The components of Long-Term Debt follow:

      2003     2002  
Domestic notes due through 2015              
(average year-end interest rate:              
4.4%–2003; 4.8%–2002)   $ 16,389   $ 17,923  
Foreign notes due through 2011              
(average year-end interest rate:              
19.1%–2003; 4.8%–2002)     47     9,965  
9.45% Guaranteed ESOP Notes              
due through July 1, 2004         3,715  
6.90% Notes due October 1, 2006     105,073     104,945  
7.15% Notes due October 1, 2009     226,092     225,686  
4.55% Notes due April 15, 2013     198,032      
4.90% Notes due April 15, 2018     198,124      
8.70% Debentures due January 15, 2025     105,224     105,683  
7.00% Debentures due August 1, 2027     168,000     168,000  
6.70% Debentures due August 1, 2028     167,050     167,050  
      $ 1,184,031       $ 802,967    

     In April 2003, the Company issued $200,000 of 4.55% Notes due on April 15, 2013 and $200,000 of 4.9% Notes due on April 15, 2018. The effective yields of these note issues were 4.71% and 5.03%, respectively, including the results of interest rate hedging activity and other financing costs.

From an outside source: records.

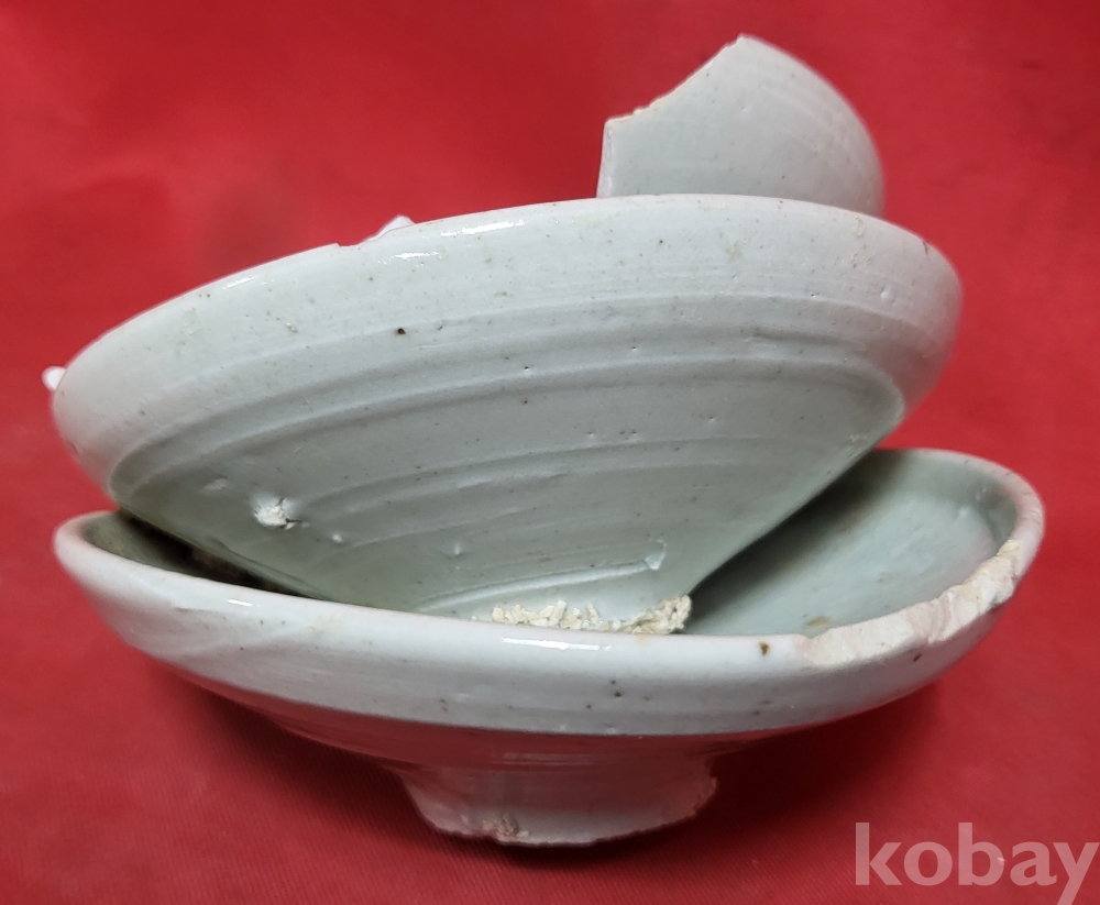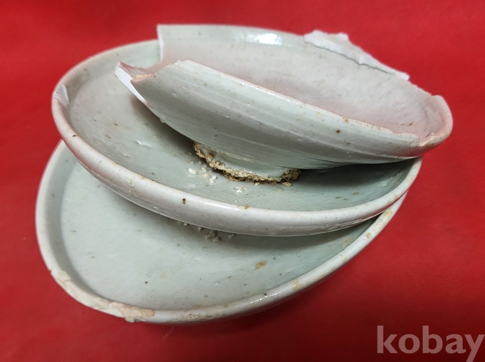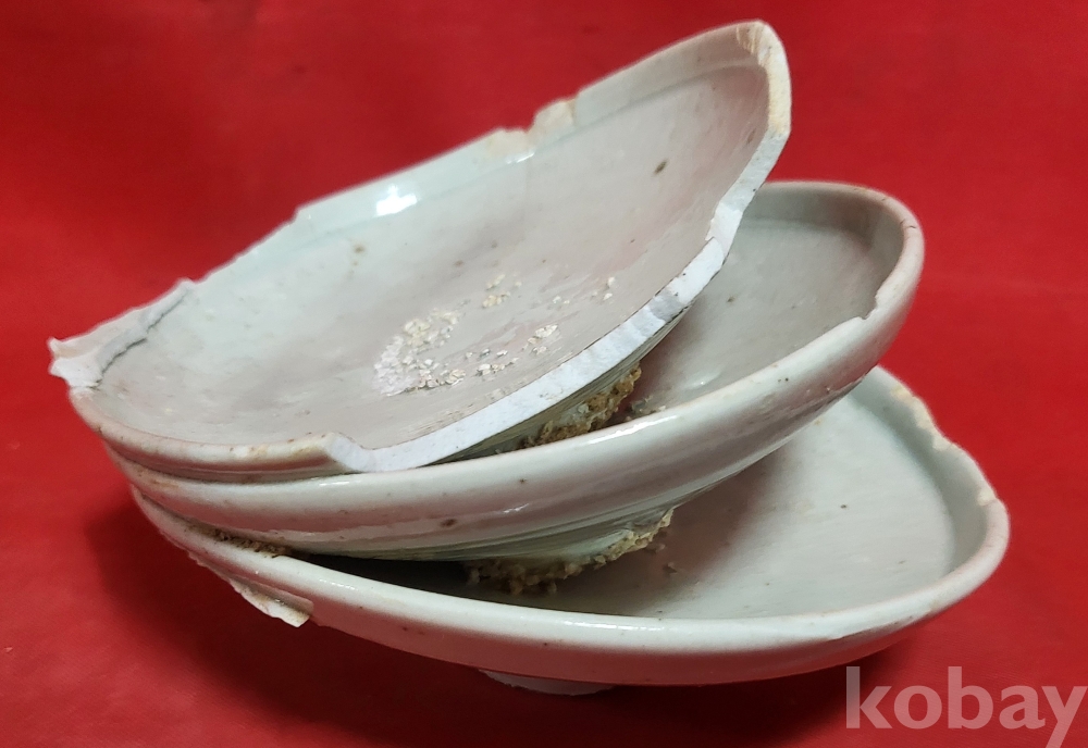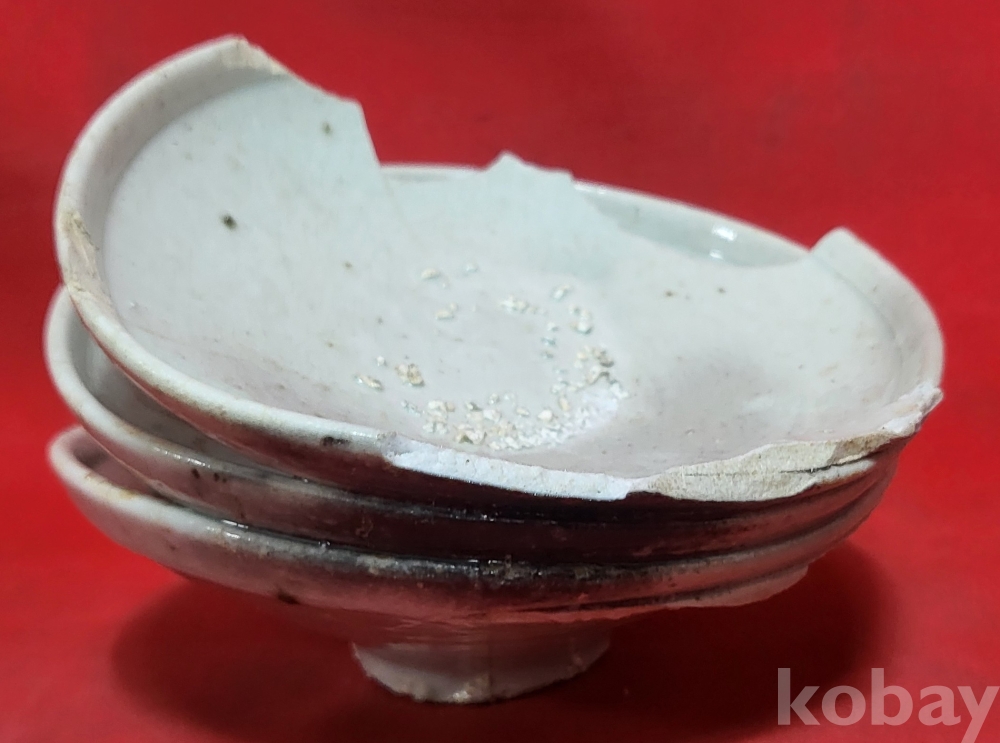 조선시대 백자 접시 3개가 가마에서 달라붙은 특별한 기물입니다,
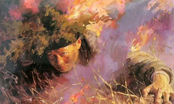 第二天11點(diǎn)鐘的時(shí)候,敵人胡亂發(fā)出一顆燃燒彈,忽然落邱少云身旁,燒著了他身上的茅草.這時(shí)候,他要站起來,是完全可以把火撲滅的.邱少云想起,出發(fā)前,首長交代要嚴(yán)格遵守埋伏紀(jì)律.邱少云更加知道,要是他爬起來,埋伏在這里的幾十位戰(zhàn)友,就會(huì)被敵人發(fā)覺,就有可能被敵人消滅,這樣就破壞了原定的戰(zhàn)斗計(jì)劃.他決定躺著不動(dòng).我軍陣地上的指揮員,看到埋伏地點(diǎn)起火,連忙命令向敵人開炮,擾亂敵人的注意力.這時(shí)候,邱少云還是沒有爬起來撲滅自己身上的火.烈火繼續(xù)燃燒著他的身體.邱少云咬著牙,小聲向靠近的戰(zhàn)友李士虎說:"勝利是我們的,但是我不能完成爆破任務(wù)了,交給你去完成吧!"說完,他把被烈火燒著的身體更緊地貼到地上,一直到犧牲,也沒動(dòng)一下.李士虎急得咬破了嘴唇,眼睛里像要冒火.但是,他和邱少云一樣,和埋伏在那里的所有戰(zhàn)友一樣,想到了整體,想到了整個(gè)戰(zhàn)斗的勝利,眼看著他親愛的戰(zhàn)友壯烈犧牲;忍受著內(nèi)心的仇恨,焦急地等待著戰(zhàn)斗的信號(hào).
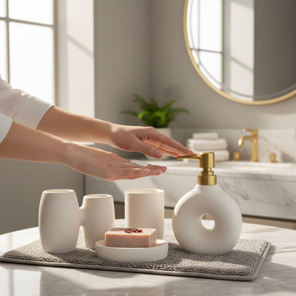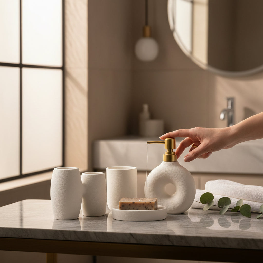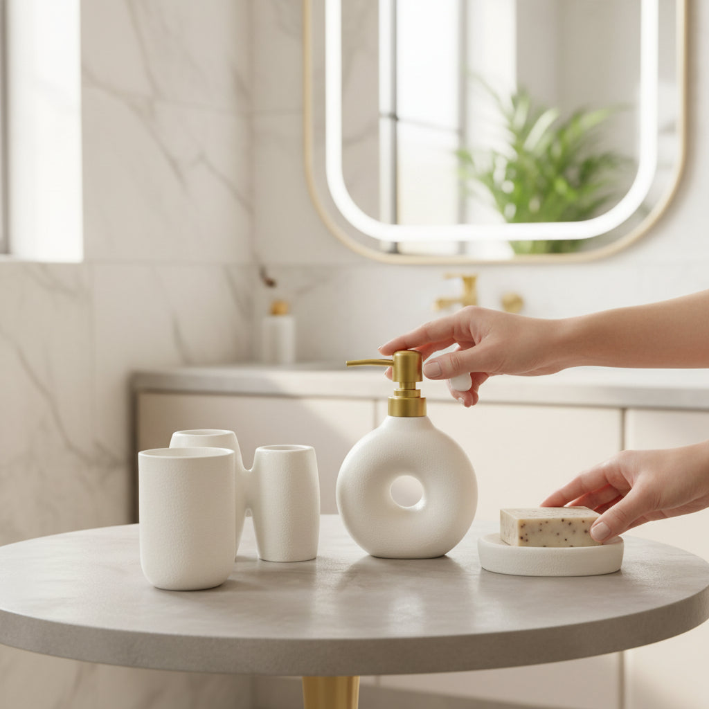 The Nova Luxe Bathroom Set blends modern aesthetics with practical design. Featuring a polished ceramic surface and clean lines, each piece is thoughtfully crafted to elevate your bathroom décor. Durable and easy to maintain, this 3-piece ceramic set adds a touch of sophistication while keeping essentials neatly organized.
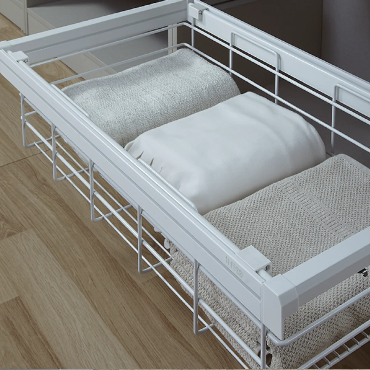 - Cesta blanca de varillas metálicas acabado blancas para armarios de 900mm de ancho con un ajuste de 864 a 914mm.
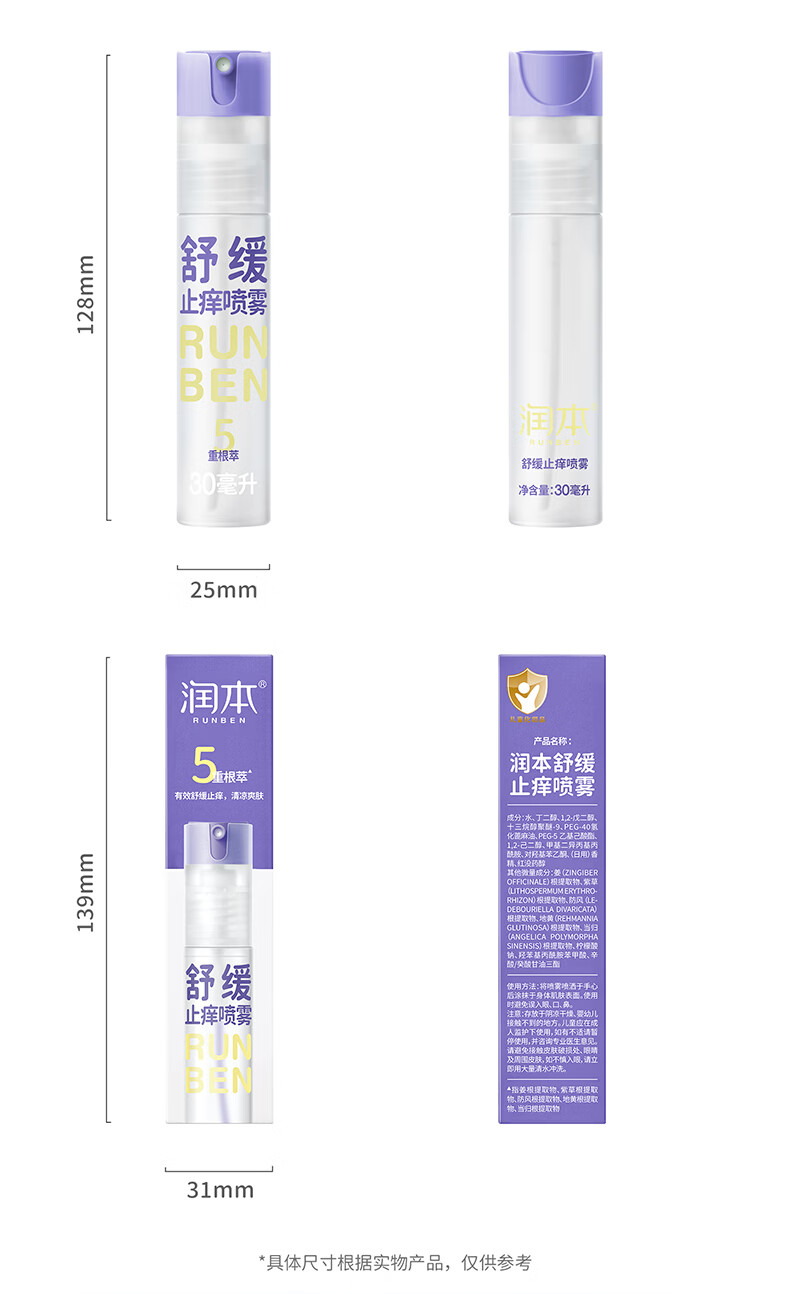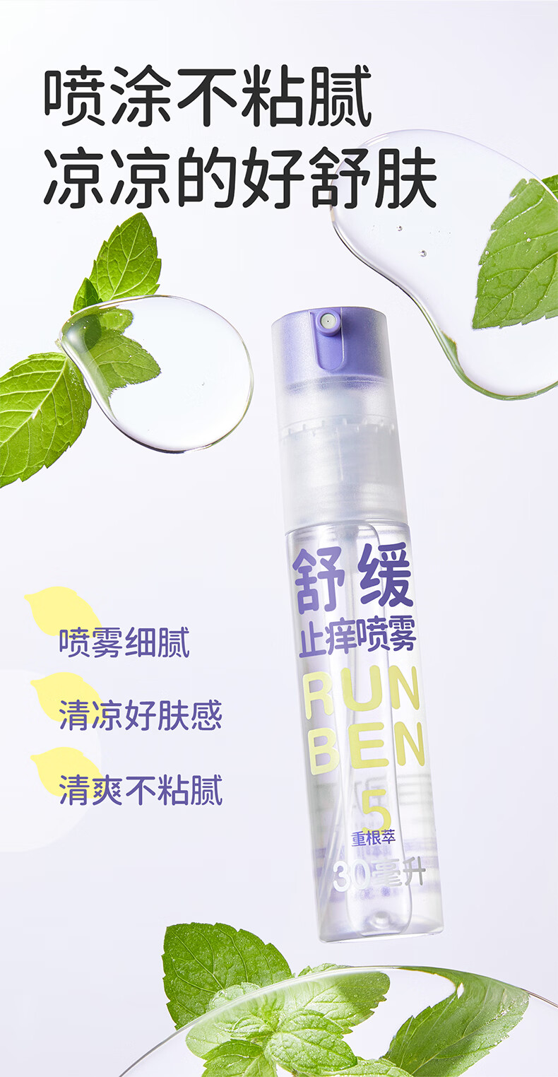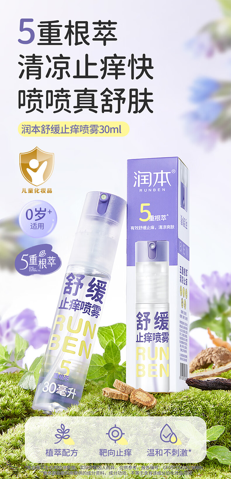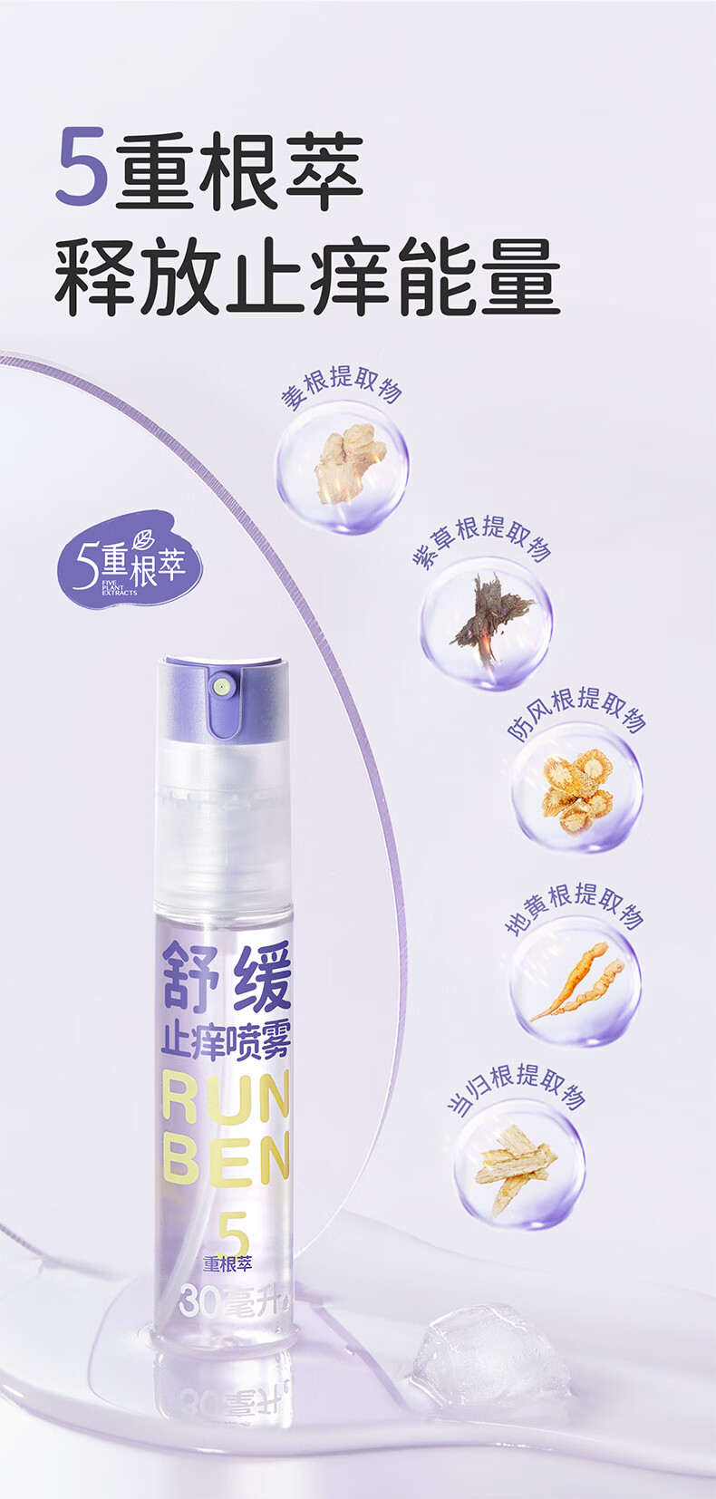 润本紫草舒缓止痒喷雾30ml 户外游玩便携紫草膏舒缓蚊虫叮咬清凉消包
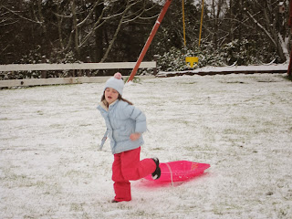 Lia anxiously awaiting her first sled ride through the yard (she informed me that I was the horse that would pull her--lucky me).

     The April 2003 note issues were offered under a registration statement filed in March 2003 with the Securities and Exchange Commission using a “shelf” registration process. This registration was for one or more offerings of debt securities, common stock, warrants, purchase contracts and units, up to a total dollar amount of $750,000, including $100,000 of securities carried forward from a registration filed in October 1997. The remaining availability under the March 2003 shelf registration is $350,000.

     Long-term debt balances as of September 30, 2003 and 2002 have been impacted by certain interest rate swaps that have been designated as fair value hedges, as discussed in Note 10.

     The aggregate annual maturities of long-term debt during the fiscal years ending September 30, 2005 to 2008 are as follows: 2005–$5,252; 2006–$384; 2007–$100,405; 2008–$427.

     The Company capitalizes interest costs as a component of the cost of construction in progress. The following is a summary of interest costs:

    2003     2002     2001  
Charged to operations $ 43,488   $ 40,269   $ 61,585  
Capitalized   10,346     17,952     28,625  
    $ 53,834       $ 58,221       $ 90,210    

     Interest paid, net of amounts capitalized, was $32,649 in 2003, $39,153 in 2002, and $63,760 in 2001.